Surprising: this is a real method with a concrete implementation. That means that you can't call `filter.add_accessor` with arbitrary method names - `:entries` means something very specific.
Surprising: I would not recommend this method be used for data access; instead I would recommend using `raw_data`.
### `where` behavior
From usage, I expect this to take either method params or a block (both of which are magical), perform filtering, and return some object that contains only the filtered rows.
So, what happens when you call `register_filter_method(:where)` and then call `resource.where`?
#### A new method `where` is defined on the resource class
That is performed by Factory#connect line 339.
#### It delegates to FilterTable::Table#where
Like `entries`, this is a real implemented method on FilterTable::Table, at line 98.
The method accepts all params as the local var `conditions` which defaults to an empty Hash. A block, if any, is also explicitly assigned the name `block`.
The implementation opens with two guard clauses, both of which will return `self` (which is the FilterTable::Table subclass instance).
MISFEATURE: The first guard clause simply returns the Table if `conditions` is not a Hash. That would mean that someone called it like: `thing.where(:apples, :bananas, :cantaloupes)`. That misuse is silently ignored; I think we should probably throw a ResourceFailed or something.
The second guard clause is a sensible degenerate case - return the existing Table if there are no conditions and no block. So `thing.where` is OK.
Line 103 initializes a local var, `new_criteria_string`, which again is a stringification tracker.
Line 104 initializes a var to track the `filtered_raw_data`.
Lines 108-113 loop over the provided Hash `conditions`. If the requested field is lazy, it requests that it be populated (note that `populate_lazy_field` is idempotent - it won't fetch a field twice). Next, it repeatedly down-filters `filtered_raw_data` by calling the private method `filter_raw_data` on it. `filter_raw_data` does some syntactic sugaring for common types, Integers and Floats and Regexp matching.

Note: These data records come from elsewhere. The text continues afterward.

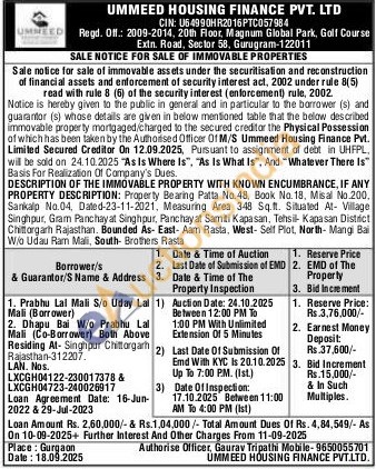 PROPERTY DESCRIPTION: Property Bearing Patta No.48, Book No. 18. Misal No.200. Sankalp No.04, Dated-23-11-2021, Measuring Area 348 Sq.ft. Situated At- Village Singhpur, Gram Panchayat Singhpur, Panchayat Samiti Kapasan, Tehsil Kapasan District Chittorgarh Rajasthan. Bounded As- East-Aam Rasta, West-Self Plot, North-Mangi Bal Wio Udau Ram Mali, South- Brothers Rasta
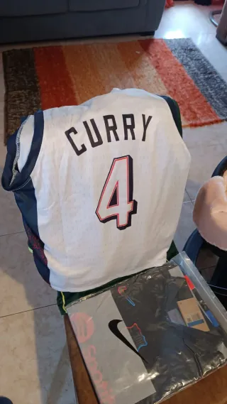 Conjunto de equipamento de basquetebol para criança. - Camisola branca com USA e número 4. - Bandeira dos EUA na camisola. - Detalhes em azul e vermelho. - Inclui calções pretos com logótipo Nike.
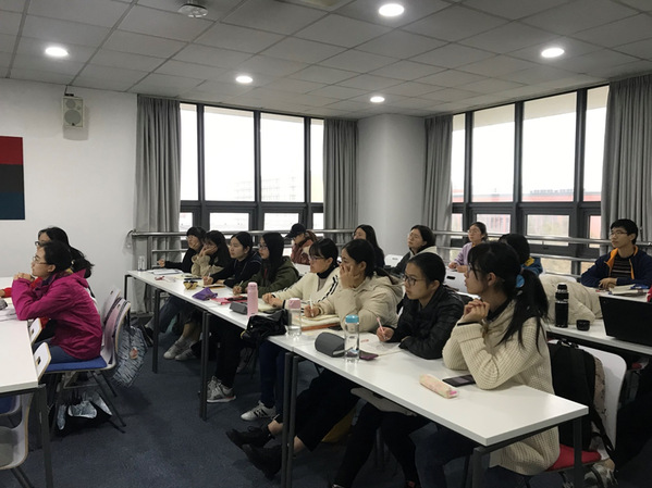 郭骅老师是复旦大学外文学院大学英语部讲师,主讲英语研究论文写作和研究生英语等课程,研究方向为语篇分析与学术写作。在讲座中,郭老师围绕着英文写作中的三大要素:统一、连贯和一致展开,通过清晰的概念讲解、丰富的实例分析,介绍了如何在内容上紧扣主旨、在风格上保持一致,以及如何在写作中运用多种衔接手段和主位推进模式,阐释了三大要素之间的逻辑关系与实现策略,使同学们对学术英语写作的策略与技巧有了更深入的认识,获益匪浅。
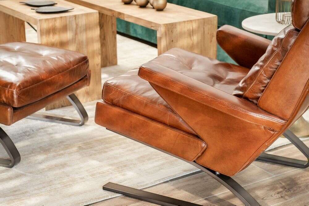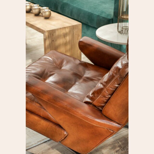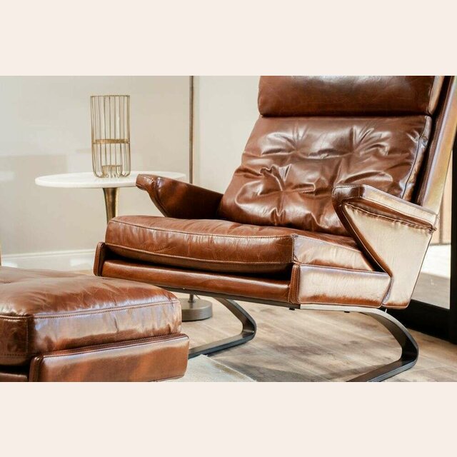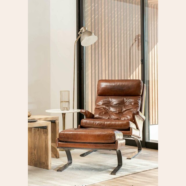 Amplia y comodísima butaca lounge con posapié tapizada en cuero italiano envejecido en color habano y estructura de metal.
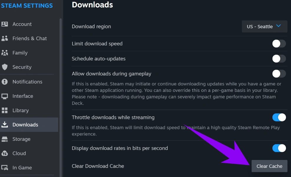 A cluttered Steam cache can lead to the cs2 stuck on connecting to counter strike network loop. This "washes" the temporary data that Steam uses to log you into various game services.
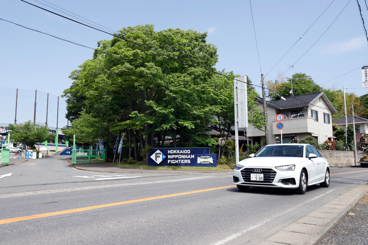 この寮は北海道日本ハムファイターズ2軍の専用球場であるファイターズ鎌ケ谷スタジアム内にあるそうですが、行ってきましたよ、オータニKC1000を履いたアウディA4でファイターズ鎌ケ谷スタジアムまで!(笑)
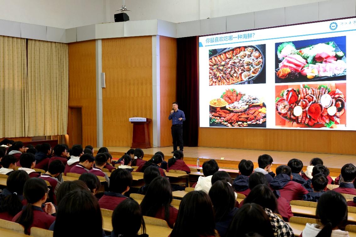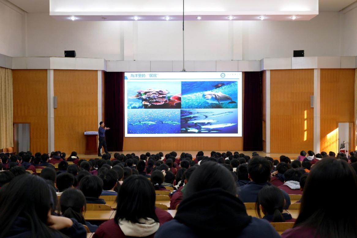 副院长(主持工作)朱文斌教授走进嘉兴外国语学校,为四百多位高一同学作了题为《迈向基于科学的渔业管理》的科普讲座。围绕“海洋与我们”、“渔业内涵”、“科学的渔业管理”以及“责任与未来”四个维度展开阐述海洋可持续发展的现实路径。
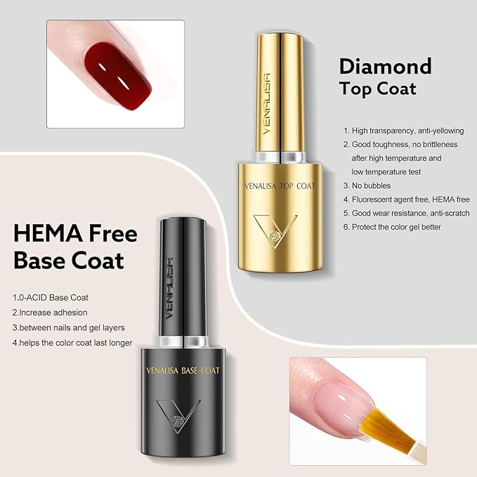 VENALISA 2 Pcs No Wipe Gel Top Coat and Base Coat Set- High Gloss Shiny Base Top Coat Gel Nail Polish Kit, Soak Off Nail Art Home and Professional Manicure

Additionally, the line 108-113 loop builds up the stringification tracker, `new_criteria_string`, by stringifying the field name and target value.

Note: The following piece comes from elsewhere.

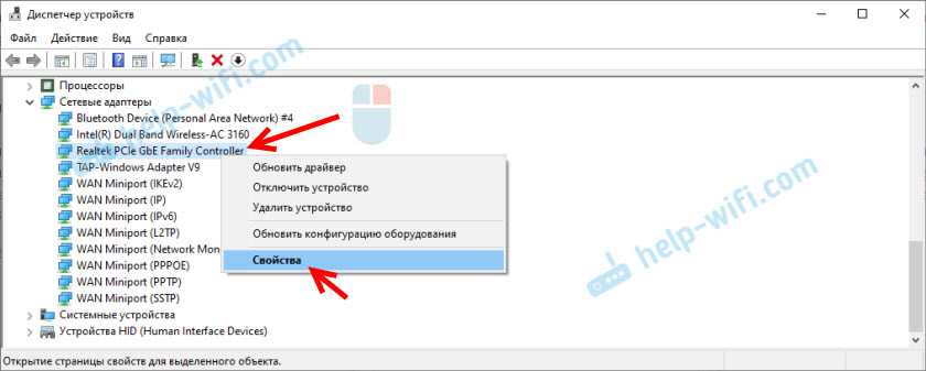 В диспетчере устройств нажимаем правой кнопкой мыши на сетевую карту и открываем «Свойства».

Line 118-135 begins work if a filtration block has been provided. At this point, `filtered_raw_data` has been initialized with the raw data, and (if method params were provided) has also been filtered down.
Line 120 filters the rows of the raw data using an interesting approach. Each row is inflated to a Struct using `create_eval_context_for_row` (see line 297). Then the provided block is `instance_eval`'d against the Struct. Because the Struct was defined with attributes (that is, accessor methods) for each declared field name (from FilterTable::Factory#register_custom_property), you can use field names in the block, and each row-as-struct will be able to respond. If the field happened to be lazy, we'll call our custom getter from lines 306-329.
_That just explained a major spooky side-effect for me._
Lines 125-134 do something with stringification tracing. TODO.
Finally, at line 137, the FilterTable::Table anonymous subclass is again used to construct a new instance, passing on the resource reference, the newly filtered raw data table, and the newly adjusted stringification tracer.
That new Table instance is returned, and thus `where` allows you to chain.
#### `where` conclusion
Unsurprising: How where works with method params.
Surprising: How where works in block mode, `instance_eval`'ing against each row-as-Struct.
Surprising: You can use method-mode and block-mode together if you want.